In November 2014, a 16-foot-high cross that graced the summit of Carrauntoohil, the highest peak in Republic of Ireland, was found cut down by vandals. A recent article featured in the Irish Times noted that this unfortunate incident was “a further step in [Ireland’s] move towards ‘a Godless society.’”1 While there is little doubt that this act of vandalism is indicative of the intolerance of the modern world to non-secularist views, we can also see in it an example of how non-Christians respond in offense against the Cross of Christ and against the gospel message it represents.

The message of the Cross is inherently offensive to those who have not availed themselves of the saving grace of Jesus Christ. Scripture repeatedly indicates the sort of stigma that is commonly associated with the Cross (Matthew 10:38, 16:24; Mark 8:34; Luke 9:23, 14:27; 1 Corinthians 1:17–18). However, when most people think of Jesus of Nazareth, they do not typically think of a man who was “offensive.” Why then is the Cross of Christ regarded as an offense?

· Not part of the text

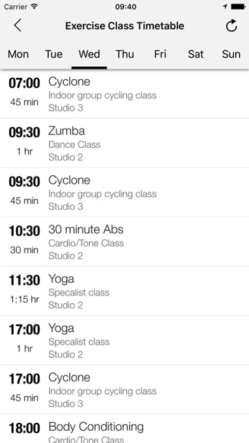 Get real-time access to your centre’s timetable for classes, including times, trainers, rooms and class description.

The answer to that question has to do with the purpose of the Cross. Jesus Christ died on the Cross to bear the penalty for man’s sins, to restore him to a right relationship with God by means of grace through faith. However, the recognition of this reality necessarily demands that one also recognizes his or her own sinfulness, that one acknowledges the abhorrence of his or her sin in the sight of a righteous and holy God. Scripture tells us that sin entered the world as a result of Adam’s disobedience against God (Genesis 3:6–11; Romans 5:12) and that, in like manner, all men have sinned (Ecclesiastes 7:20; Romans 3:23). For individuals accustomed to viewing themselves in a positive light as “good” people, seeing the true purpose of the Cross is indeed offensive.

However, Scripture tells us that “The word of the cross is . . . to us who are being saved . . . the power of God” (1 Corinthians 1:18). The same message that is an offense is likewise, to those who believe, a message of the power of God to save. Here at AiG, we want to diligently uphold the literal history that undergirds the purpose of the Cross: because Adam disobeyed God and plunged the human race into sin, humanity is in desperate need of a Savior. However, we do not want to stop with the “bad news” of man’s sin. We want to go on to boldly proclaim the “good news” of the Cross of Christ, of His conquering of sin, and of His Resurrection from the dead. That is the focus of AiG’s international outreach, to reach people everywhere with the message of the Cross of Christ in hope that they will move from seeing the Cross as an offense to seeing the Cross as the way to salvation.

In September of 2015, Ken Ham, Steve Ham, Dr. Andrew Snelling, and Dr. Danny Faulkner will be traveling to Northern Ireland to join with local creation speakers for the Northern Ireland Creation Mega Conference. Our aim is to help to equip the church to stand authoritatively on biblical truth as they go out to the United Kingdom with the offensive message of the gospel of Christ. Too often we misunderstand and underestimate the offense that the message of Christ brings. In our skeptical world, it is time for the church to show that this glorious and yet offensive message can be delivered on very good authority. This message comes from the authoritative Word of God and it is defendable, reliable, and credible.

Please pray for our team as we start to prepare for this very important conference in Ireland.